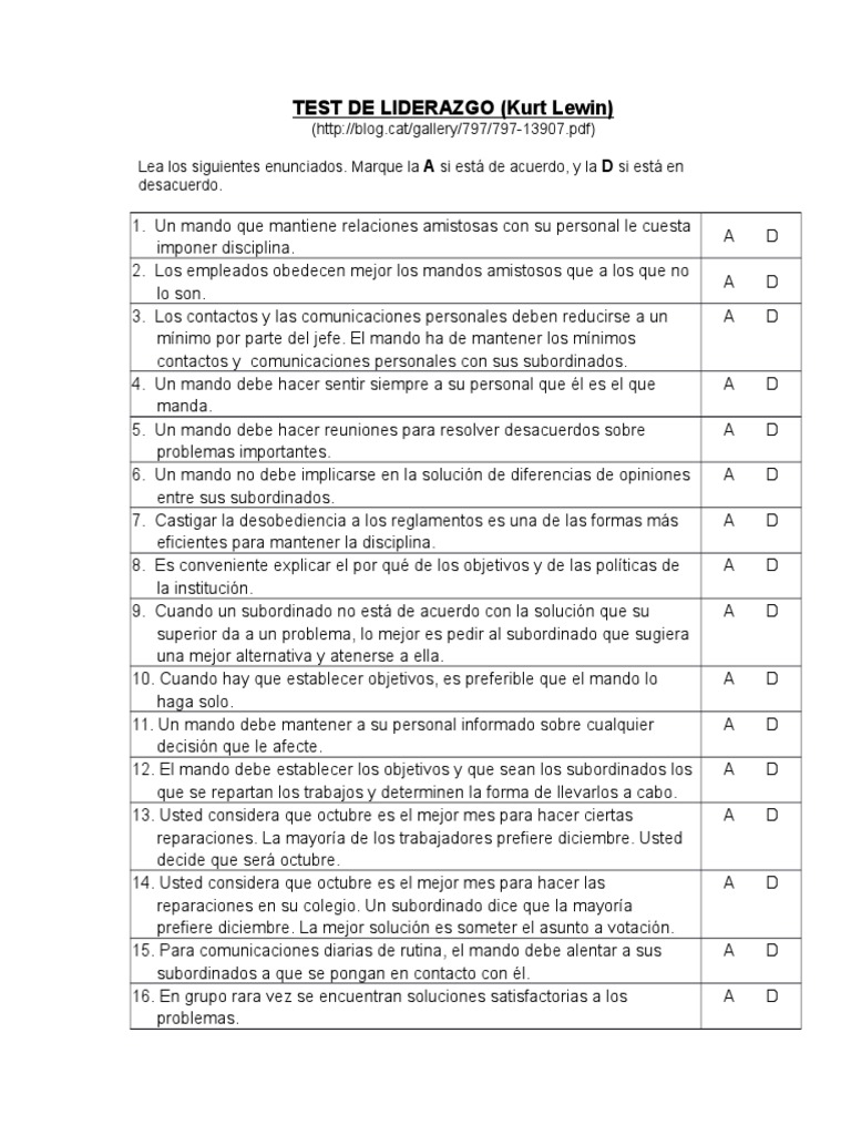 Lea los siguientes enunciados. Marque la A si est de acuerdo, y la D si est en
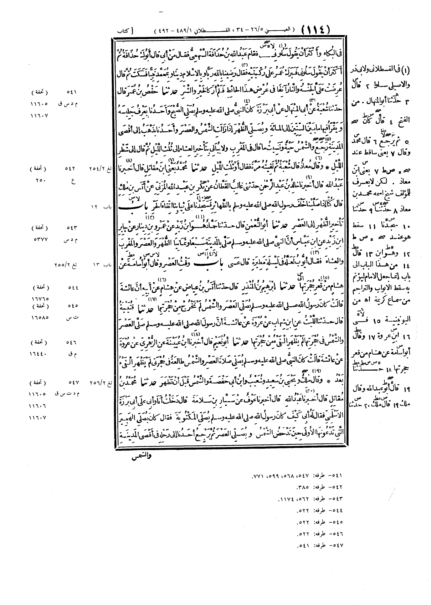 (وأحدنا يعرف جليسه) مجالسه الذي إلى جنبه عندما ينتهي من الصلاة. (إلى المائة) يعني من آيات القرآن الكريم. (زالت) مالت إلى جهة المغرب. (حية) بيضاء لم يتغير لونها ولا حرها. (شطر) نصف]
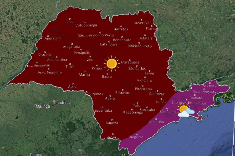 Tempo firme no estado de São Paulo, com predomínio de sol e sem previsão de chuva. Temperaturas elevadas. (Fonte IPMET)
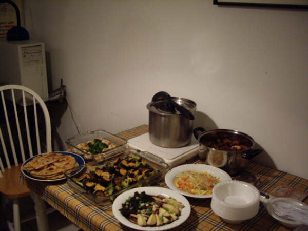 晚上到的時候,桌上已經擺了嫣嫣帶來的兩道餐廳級素食料理,一個是香菇鑲豆腐,一個是豆皮海帶捲,還有一大鍋料好實在的羹湯,真是料理高手呀!!還好我們帶來的魯味有美國難得一見的魯海帶與豆乾,加上精美的刀工與裝盤方式,也是很搶手,至於那個涼拌三絲,真的是吃之前要三思,總覺得味道怪怪的,還好配色還不錯。另外志揚的魯鍋裡滿滿的從台灣寄來的豆輪,我大概吃了五個吧!這個好東西真是美味~~
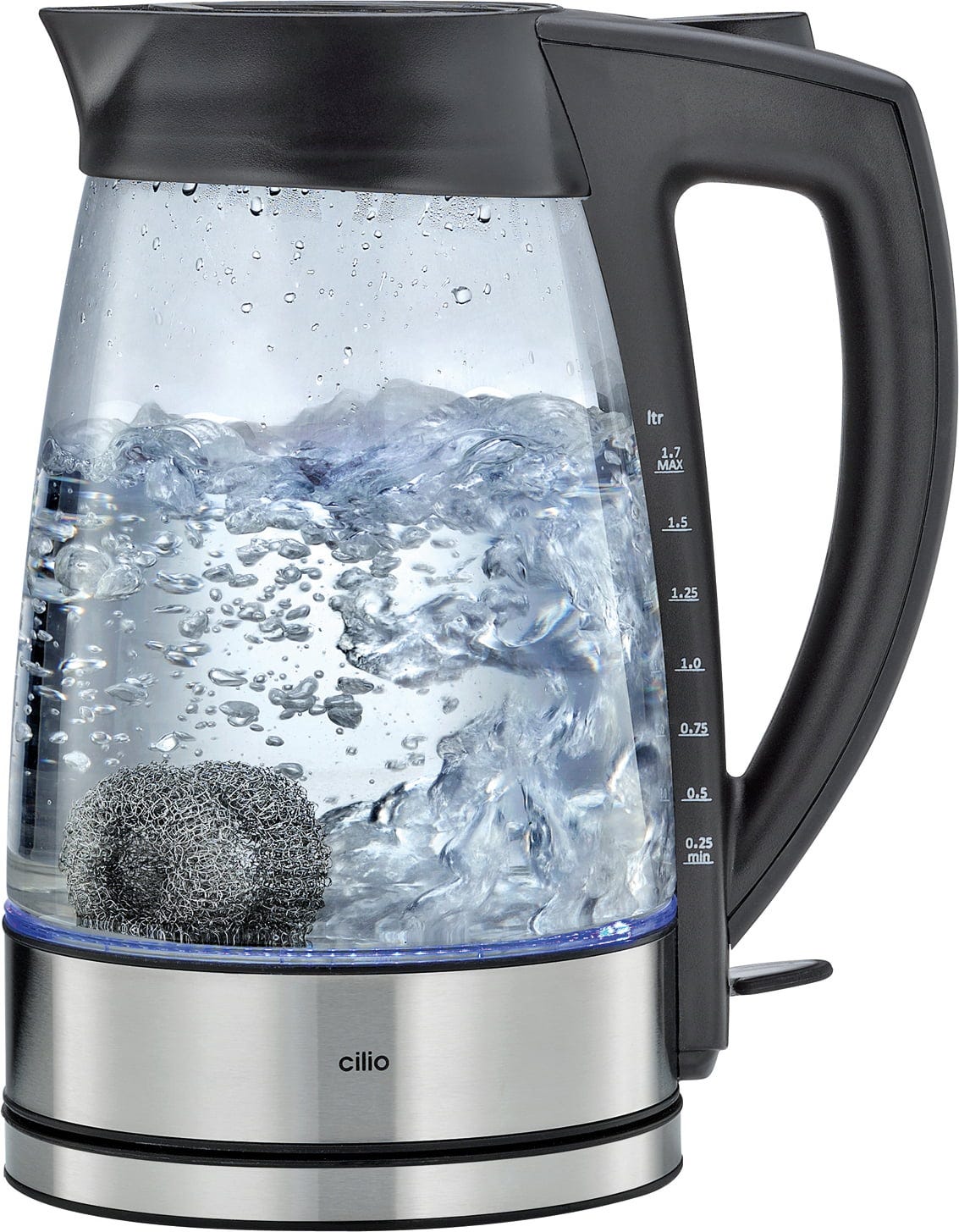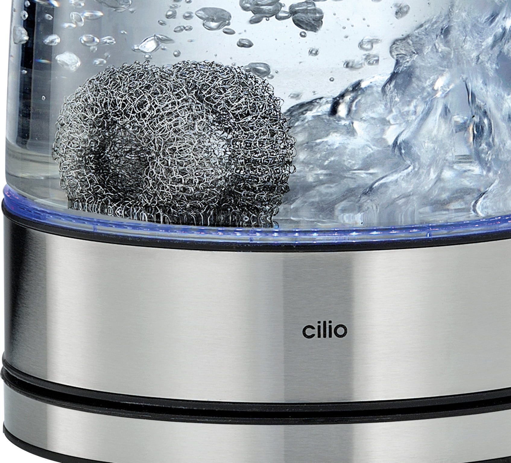 Kalkaanslag in de waterkoker ziet er niet alleen onaantrekkelijk uit, maar verhoogt ook het energieverbruik en tast de smaak van thee en koffie aan. De cilio KALKFEE kalkvanger beschermt je keukenapparatuur mechanisch: kalk bouwt zich bij voorkeur op ruwe oppervlakken op. Daarom is het fijnmazige roestvrijstalen gaas van de Kalkfee het perfecte "ankeroppervlak" en worden je keukenapparaten gespaard.

##############################

## Task item
Nothing but the listing, copied exactly and stripped of its images, should appear in the response.

## Completed exercise
 Lea los siguientes enunciados. Marque la A si est de acuerdo, y la D si est en
 (وأحدنا يعرف جليسه) مجالسه الذي إلى جنبه عندما ينتهي من الصلاة. (إلى المائة) يعني من آيات القرآن الكريم. (زالت) مالت إلى جهة المغرب. (حية) بيضاء لم يتغير لونها ولا حرها. (شطر) نصف]
 Tempo firme no estado de São Paulo, com predomínio de sol e sem previsão de chuva. Temperaturas elevadas. (Fonte IPMET)
 晚上到的時候,桌上已經擺了嫣嫣帶來的兩道餐廳級素食料理,一個是香菇鑲豆腐,一個是豆皮海帶捲,還有一大鍋料好實在的羹湯,真是料理高手呀!!還好我們帶來的魯味有美國難得一見的魯海帶與豆乾,加上精美的刀工與裝盤方式,也是很搶手,至於那個涼拌三絲,真的是吃之前要三思,總覺得味道怪怪的,還好配色還不錯。另外志揚的魯鍋裡滿滿的從台灣寄來的豆輪,我大概吃了五個吧!這個好東西真是美味~~
 Kalkaanslag in de waterkoker ziet er niet alleen onaantrekkelijk uit, maar verhoogt ook het energieverbruik en tast de smaak van thee en koffie aan. De cilio KALKFEE kalkvanger beschermt je keukenapparatuur mechanisch: kalk bouwt zich bij voorkeur op ruwe oppervlakken op. Daarom is het fijnmazige roestvrijstalen gaas van de Kalkfee het perfecte "ankeroppervlak" en worden je keukenapparaten gespaard.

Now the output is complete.